> **DATA RECORDS**
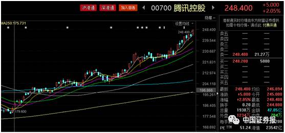 港股市場上,自2016末底部的每股179.6港幣以來,騰訊股價就不斷攀升,在5月2日達(dá)到每股248.4港幣,漲幅接近40%。
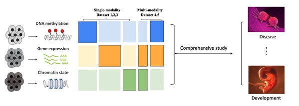 细胞中的生物过程涉及到DNA、RNA、蛋白质等多种不同层次的调控,它们相互影响,共同发挥作用,因此,整合不同组学数据对应的多模态信息是全面表征细胞生理/病理状态的前提与关键。
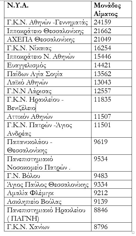 Έτσι, τα δέκα πέντε καλύτερα νοσοκομεία με κριτήριο τον αριθμό των μονάδων αίματος που συλλέγουν, είναι τα κάτωθι:
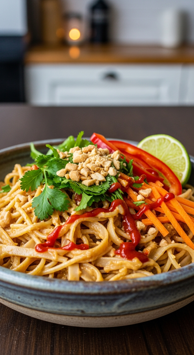 This savory Thai Peanut Noodle Bowl shines when presented in wide shallow bowls to showcase the colorful toppings. Serve chilled or at room temperature alongside a crisp green salad or steamed edamame for balance. Pair with a light Riesling or jasmine tea to complement the dish’s subtle sweetness and spice.
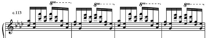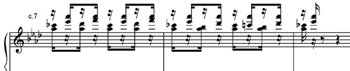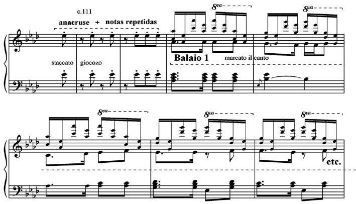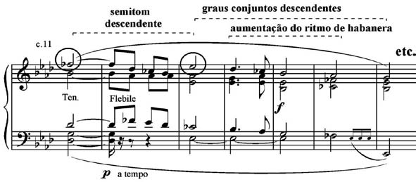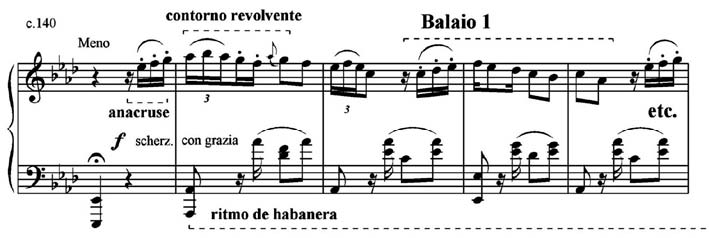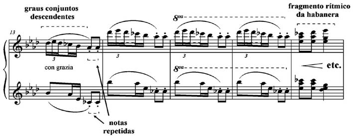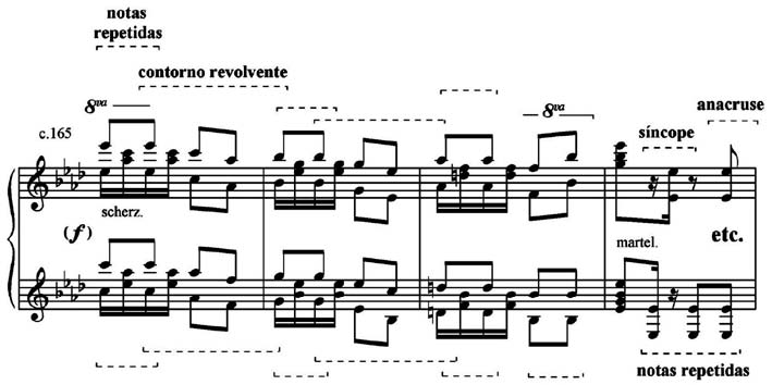 A área temática C (Exemplo 6) utiliza, primeiro, o motivo de graus conjuntos descendentes ornamentado com mordente com o motivo das notas repetidas, cujo contraste entre si é evidenciado pelas articulações legato e staccato. Depois, lança mão das duas colcheias seguidas, ritmo tirado do motivo da habanera. A repetição dos motivos em oitavas, cada vez mais agudas, reflete uma prática do pianismo sinfônico de Liszt.
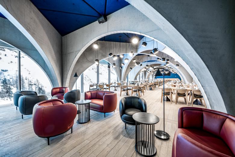 Markante Merkmale der strukturellen Elemente, Sichtbetonbögen in verschiedene Richtungen gespannt und zu Bündeln zusammengefügt, spielen für die Innenräume die Rolle der Hauptdarsteller und wurden dementsprechend betont. Die Bar mit Loungebereich und eine Reihe von Speiseräumen können flexibel als offenen Raum oder durch Textile Trennelemente separat genutzt werden.
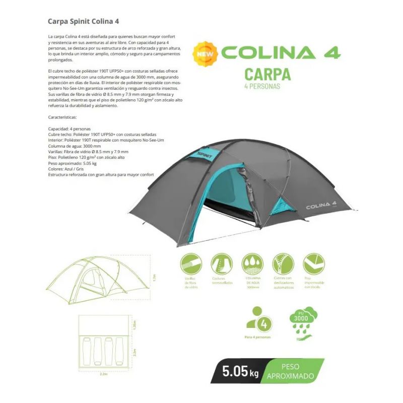 Carpa Spinit COLINA 4 azul gris
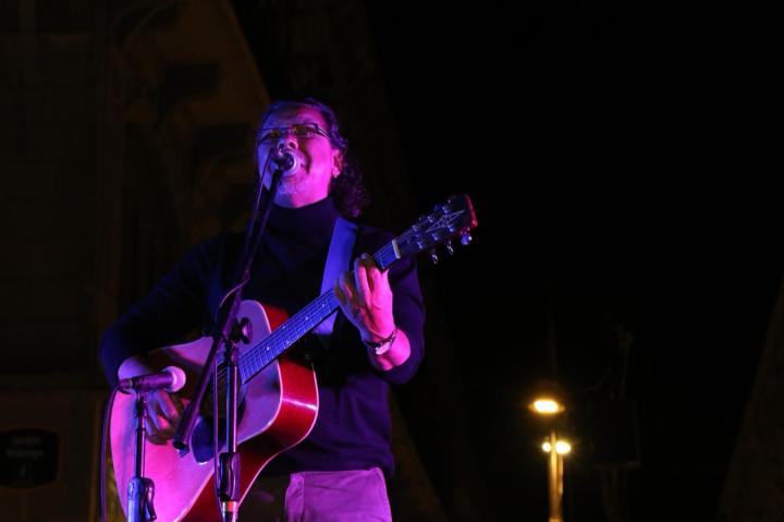 Al exterior de Palacio Municipal, se dio un frente a frente de guitarras entre cantautores, de Chile la autora Patricia Durán, quien cantó música de autores chilenos como Violeta Parra y Mon Laferte.
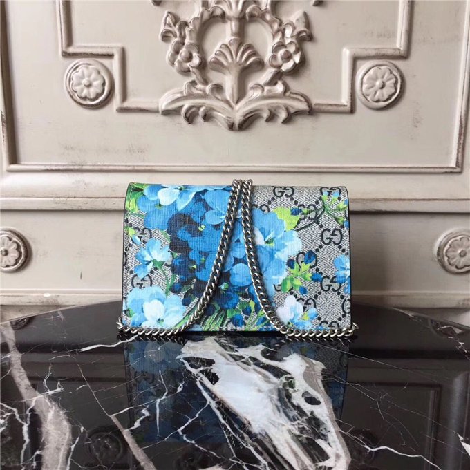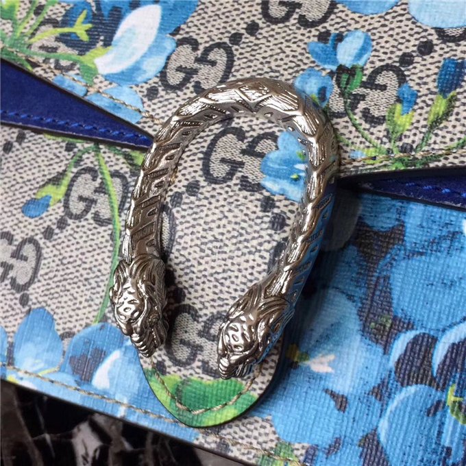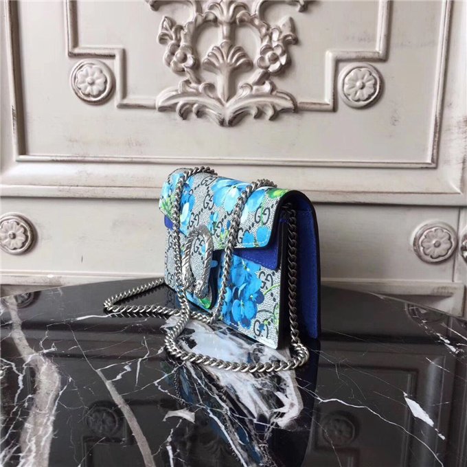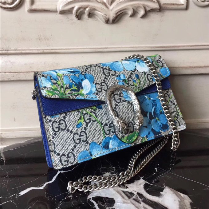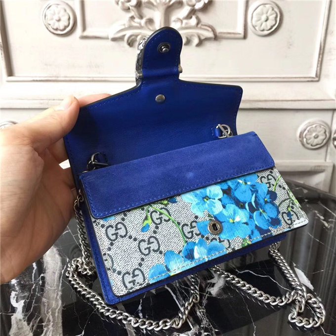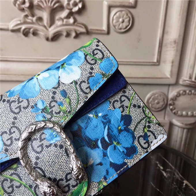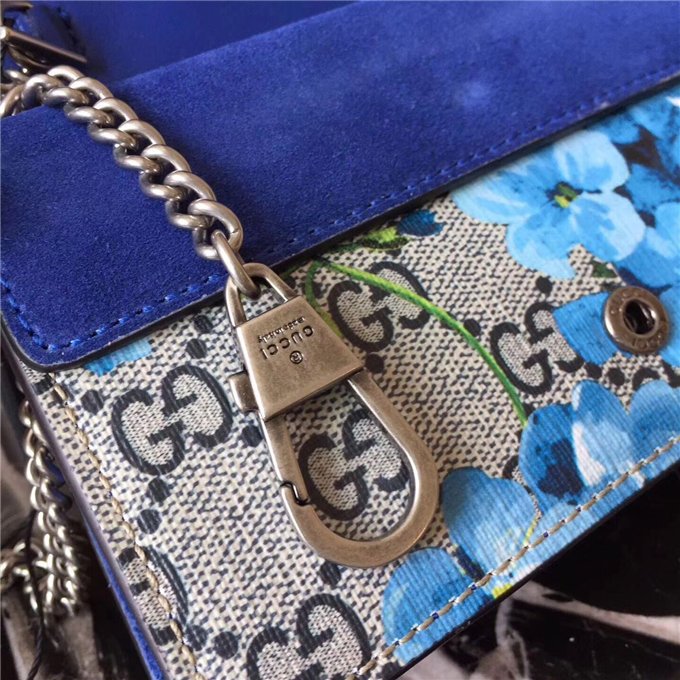 Blooms print GG Supreme canvas, a material with low environmental impact, with Blue suede detail
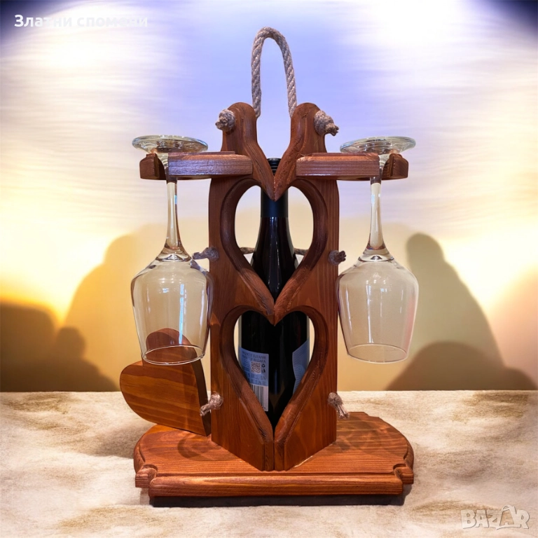 Ръчно изработена стойка за вино за Годишнина (с чаши)

> **TASK TO CARRY OUT**
Pictures stay out. Print the lines of the records above exactly, from the first through the one with "Έτσι, τα δέκα".

> **SOLUTION FOR THIS TASK**
 港股市場上,自2016末底部的每股179.6港幣以來,騰訊股價就不斷攀升,在5月2日達(dá)到每股248.4港幣,漲幅接近40%。
 细胞中的生物过程涉及到DNA、RNA、蛋白质等多种不同层次的调控,它们相互影响,共同发挥作用,因此,整合不同组学数据对应的多模态信息是全面表征细胞生理/病理状态的前提与关键。
 Έτσι, τα δέκα πέντε καλύτερα νοσοκομεία με κριτήριο τον αριθμό των μονάδων αίματος που συλλέγουν, είναι τα κάτωθι:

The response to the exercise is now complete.